WHO’S UP AND WHO’S DOWN: Week of the Democratic Conference in Atlantic City
The Democratic nominee for Governor leads his Republican rival by 25 percentage points and captained a largely successful conference of Democrats in Atlantic City.
A judge this week ruled that the Hudson County Freeholder can appear on the ballot twice – as a freeholder candidate and as a mayoral candidate in his hometown of Hoboken.
The Democrats’ Borgata-based party really came alive on Thursday night under the auspices of organization efforts by labor top dog John Ballantyne and his loyal ally, Lizette Delgado Polanco, vice chair of the Democratic State Party.
In the end, no Republican filed to challenge the incumbent senator in LD19.
Down-Ballot Democrats in Battleground Districts
As first reported by InsiderNJ, Assemblyman Craig Coughlin is all set to fundraise for Vin Gopal and company in LD11, and Assemblyman Andrew Zwicker in LD16, among others. At this point, while state Senator Jen Beck (R-11) is a very tough out, one must consider the down-ballot implications of a blowout Murphy win over Guadagno.
Her allies this week badmouthed polls and polling, but Quinnipiac University has a pretty good record.
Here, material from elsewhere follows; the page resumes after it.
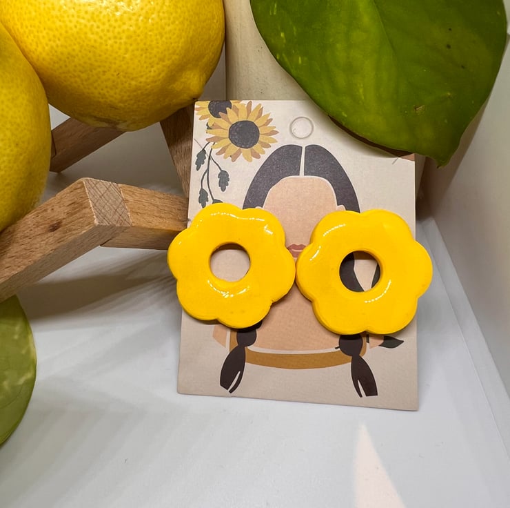 Bring sunshine to your style with these handmade yellow flower earrings, crafted from polymer clay. They’re bold yet comfortable, making them ideal for everyday wear or adding a pop of sunshine to special occasions.
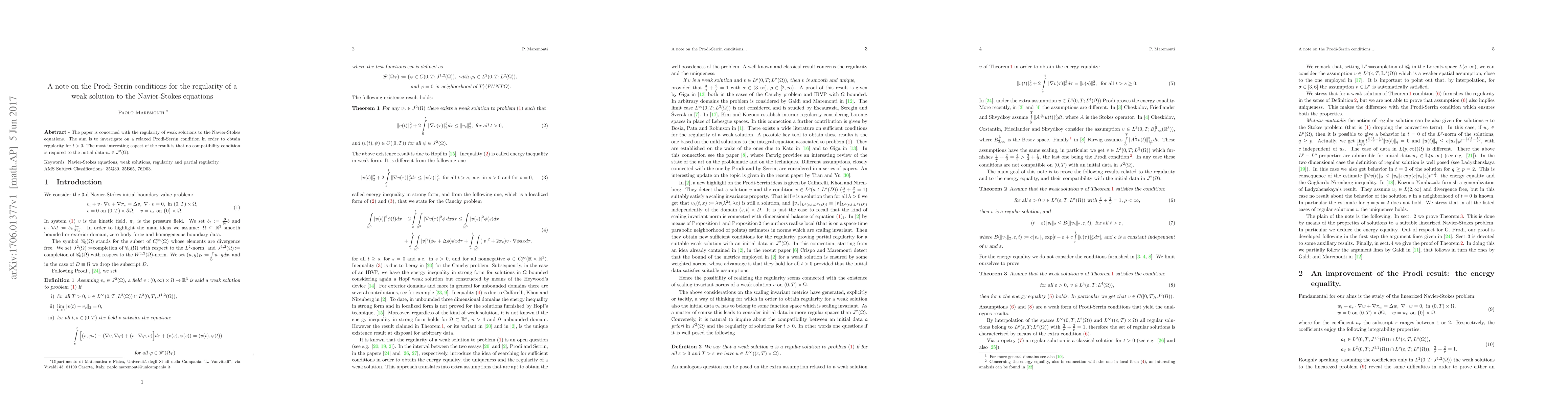 The paper is concerned with the regularity of weak solutions to the Navier-Stokes equations. The aim is to investigate on a relaxed Prodi-Serrin condition in order to obtain regularity for t > 0. The most interesting aspect of the result is that no compatibility condition is required to the initial data $v_0\in J^2(\OO) J2({\Omega})$.

The polling institution puts Murphy ahead of her by 25 percentage points in the NOv. 7th showdown for governor.
At the urging of Senate President Steve Sweeney’s (D-3) key inner circle allies, 16 Democratic senators signed a letter telling New Jersey Education Association (NJEA) to back off its funding of the opponent of the Democratic Senate President.
He received the public, NJEA-excoriating support of 16 senate allies, which is a good thing and speaks to the senate president’s strength in his caucus, but in the words of a veteran source, “Bosses don’t kneecapped” in New Jersey politics. The fact that the perennially politically muscled Sweeney sees fits to call on his fellow senators means he’s in a real race with well-funded neophyte Fran Grenier.
A poll this week showed that half of New Jersey voters oppose the reelection of the embattled senior Senator from New Jersey. Fifty-percent of voters feel New Jersey’s senior senator does not deserve to be reelected next year, according to the Quinnipiac University. Twenty percent said he should be re-elected and 30 percent were undecided. Having said that, most observers continue to have a hard time seeing a clear case of quid pro quo in his corruption trial.
A radio ad on behalf of the senate candidacy of Assemblyman Chris Brown, who’s running in the 2nd District, makes the case that the candidate, an “Independent” Republican, according to the ad, opposed GOP Governor “Christie’s” proposal to take over at Atlantic City.
The judge said Romano can be in the ballot drawing, but he also said that there is clearly a statute prohibiting accepting nomination by petition for two offices to be voted on the same day, and that there could be a later ruling that Romano is not eligible and cannot be sworn in as Mayor.